MATERIAL SUPPLIED section start
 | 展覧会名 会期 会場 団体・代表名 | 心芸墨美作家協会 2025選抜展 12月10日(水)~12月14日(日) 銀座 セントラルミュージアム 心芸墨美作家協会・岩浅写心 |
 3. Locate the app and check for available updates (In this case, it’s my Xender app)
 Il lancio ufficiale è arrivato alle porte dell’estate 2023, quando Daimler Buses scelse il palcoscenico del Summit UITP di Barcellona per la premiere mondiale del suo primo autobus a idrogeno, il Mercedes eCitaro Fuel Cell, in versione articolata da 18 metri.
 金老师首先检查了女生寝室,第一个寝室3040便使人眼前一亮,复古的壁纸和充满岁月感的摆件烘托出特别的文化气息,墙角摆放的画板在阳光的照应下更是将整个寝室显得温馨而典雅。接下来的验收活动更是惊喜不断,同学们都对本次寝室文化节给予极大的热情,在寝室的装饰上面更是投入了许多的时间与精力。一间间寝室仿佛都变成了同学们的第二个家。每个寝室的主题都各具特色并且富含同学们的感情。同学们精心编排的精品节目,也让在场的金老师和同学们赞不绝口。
MATERIAL SUPPLIED section end
MATERIAL SUPPLIED section start
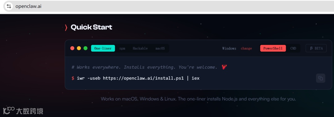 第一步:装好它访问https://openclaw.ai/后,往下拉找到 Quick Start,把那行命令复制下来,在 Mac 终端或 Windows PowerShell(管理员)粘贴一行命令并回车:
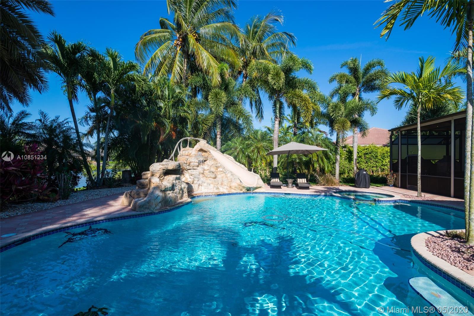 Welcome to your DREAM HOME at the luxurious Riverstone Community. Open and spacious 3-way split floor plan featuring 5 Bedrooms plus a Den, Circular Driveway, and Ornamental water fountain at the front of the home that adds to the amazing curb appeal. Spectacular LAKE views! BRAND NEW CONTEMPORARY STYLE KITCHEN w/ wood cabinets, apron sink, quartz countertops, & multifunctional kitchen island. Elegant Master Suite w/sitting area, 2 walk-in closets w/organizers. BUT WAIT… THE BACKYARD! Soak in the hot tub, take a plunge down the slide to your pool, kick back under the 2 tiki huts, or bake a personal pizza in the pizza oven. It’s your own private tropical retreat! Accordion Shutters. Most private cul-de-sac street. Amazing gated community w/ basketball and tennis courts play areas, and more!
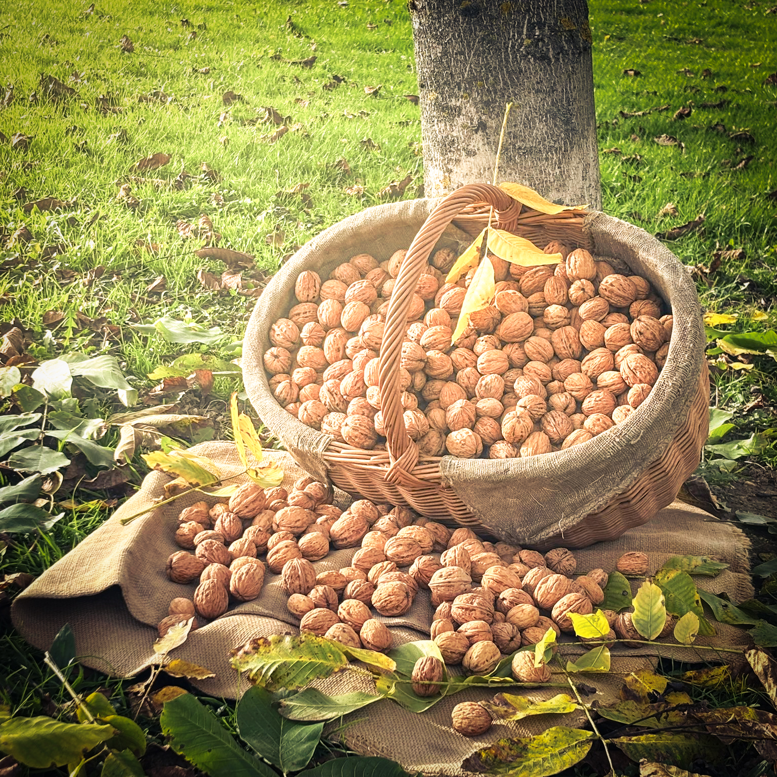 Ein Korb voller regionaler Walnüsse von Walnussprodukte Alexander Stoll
MATERIAL SUPPLIED section end
## TASK TO COMPLETE
In the listing above, find the line holding "セントラルミュージアム 心芸墨美作家協会・岩浅写心 |" and the line holding "金老师首先检查了女生寝室,第", then output those two lines and every line between them exactly.

## ANSWER AREA
 | 展覧会名 会期 会場 団体・代表名 | 心芸墨美作家協会 2025選抜展 12月10日(水)~12月14日(日) 銀座 セントラルミュージアム 心芸墨美作家協会・岩浅写心 |
 3. Locate the app and check for available updates (In this case, it’s my Xender app)
 Il lancio ufficiale è arrivato alle porte dell’estate 2023, quando Daimler Buses scelse il palcoscenico del Summit UITP di Barcellona per la premiere mondiale del suo primo autobus a idrogeno, il Mercedes eCitaro Fuel Cell, in versione articolata da 18 metri.
 金老师首先检查了女生寝室,第一个寝室3040便使人眼前一亮,复古的壁纸和充满岁月感的摆件烘托出特别的文化气息,墙角摆放的画板在阳光的照应下更是将整个寝室显得温馨而典雅。接下来的验收活动更是惊喜不断,同学们都对本次寝室文化节给予极大的热情,在寝室的装饰上面更是投入了许多的时间与精力。一间间寝室仿佛都变成了同学们的第二个家。每个寝室的主题都各具特色并且富含同学们的感情。同学们精心编排的精品节目,也让在场的金老师和同学们赞不绝口。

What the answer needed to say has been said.